Церковь в Синеречье была очень красивая. Стояла она, как и положено, на горушке, в кольце речной излучины, отовсюду видная, радовала глаз и душу свежим золотом сквозных крестов, легкостью затейливой, в два цвета, кладки – белым и ярко-красным, чуть ли не алым, кирпичом. Издалека, как смотришь на село, то будто плывет над ним, сверкая, белое облако, окрашенное солнечными лучами, и сбегаются поглядеть на это чудо маленькие домишки, толпятся под ним, с наивным восхищением задирая неказистые крыши.
Но кроме красы неописуемой была замечательна церковь своею древней тайной. До сего времени нет-нет да и вспомнится седая легенда о том, что из церкви ведет за реку подземный ход, которым скрывались в дремучие леса наши предки при набегах жестоких татар. Спроси любого деда: мол, когда мальцом был, искал подземелье? Покрутит старик седой головой, взъерошит седую бороду и признается: было такое, однова даже на ночь в церкви прятался, весь подвал излазил – ан не нашел…

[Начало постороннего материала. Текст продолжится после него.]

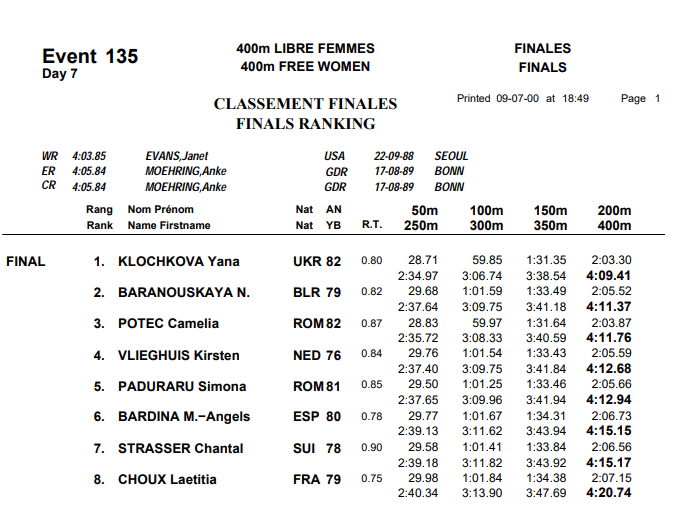 EUROPEO DE HELSINKI 2000. FINALISTA (6º)
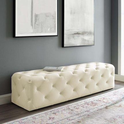 This velvet entrance bench with tufted buttons has thick foam cushioning and soft, durable performance velvet upholstery for a plush
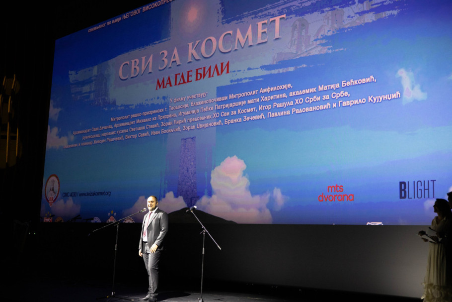 Sinoć je u prepunoj sali Mts dvorane u Beogradu održana premijera dokumentarnog filma "Svi za Kosmet, ma gde bili".
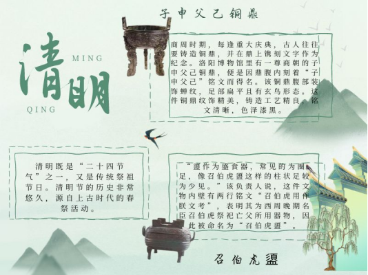 经统2101张玉璐同学选取了样式独特的子申父己铜鼎及召伯虎盨。通过介绍商周青铜器,追溯清明祭祖传统的由来。

Да и участковый Ратников помнит со своего детства, как пытался с друзьями проникнуть в закрытый ржавой решеткой склеп, откуда, старики говорили, можно в подземелье пробраться. Как за тем же лазили в разрушенную заречную часовню. И как однажды, после весеннего разлива, отошла ненадолго речка от своего русла в сторону Степанова лужка, и в речном песке обнажилась сводчатая кладка из почерневшего узенького кирпича. Потом река вернулась в свое ложе и снова запрятала-затянула свою тайну на своем дне мелким желтым песком.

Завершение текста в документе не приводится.